Moreover, communications don’t happen in a vacuum. There are plenty of phrases and patterns in English which have been used so often as micro-aggressions (or even aggression aggessions) or to signal prejuidice to like-minded people that they themselves become problematic.

So, is Derior misogynist? If you made me actually have to pick one way or another, I’d probably go with “entitled with an exaggerated self-opinion of his expertise” rather than misogynistic. I just think that reasonable people could read that pattern the other way.

It’s hard to come up with any polite reply to that and I don’t want to cause any hurt manfeels. I’ll just say, remember the post above this the next time I tell you that both sides of Gamergate are the same. You’ve got someone is objectively 100% innocent of any wrongdoing and now there’s a witchhunt against him.

So you are judging his expertise? Why do you think it’s exaggerated? And why do you characterize him as entitled? Is a fan who has played a game for – I’m guessing – hundreds and probably thousands of hours – not entitled to an opinion? I really don’t know, but I wouldn’t be surprised if he had spent much more time in game, much more time doing quests and reading quest text, than Price ever did. She was at Anet for a year I believe. GW2 has been around for six years.

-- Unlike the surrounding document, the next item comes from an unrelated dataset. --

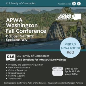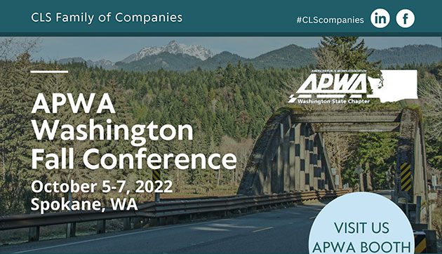 The CLS Family of Companies is attending the American Public Works Association (APWA) Washington Fall Conference on October 5-7, 2022 in Spokane, Washington. We look forward to connecting with Public Works professionals and engineering partners at this event.
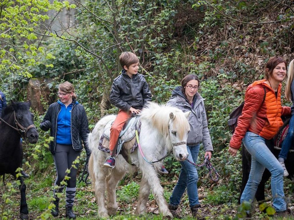 De begeleiders van de kinderen stappen mee en sommigen begeleiden ook een pony, onder leiding van een equisense verantwoordelijke.

If you look at what both wrote, Price was the one who was very condescending and, really, a bit nasty. And this to someone who was a booster for the game.

If you have an employee who can read what this guy wrote and somehow take that and pick a fight over it and be insulting, you want that employee to shut up. Because it’s potentially doing harm to your product – the product that’s paying the salaries and benefits of all the other company employees. Management has a responsibility to squelch it. I don’t know if termination is the best response, but that’s a different issue.

Yes, I’m judging his expertise. Playing a game for hundreds of hours no more gives you expertise on how games are made than watching hundreds of hours of television qualifies you to lecture a showrunner.

And hey, anyone can have an opinion. But if I were to go lecture the England international team on fitness and conditioning on the grounds that I’d spent thousands of hours watching athletes, I’d expect to get laughed out of the room at best.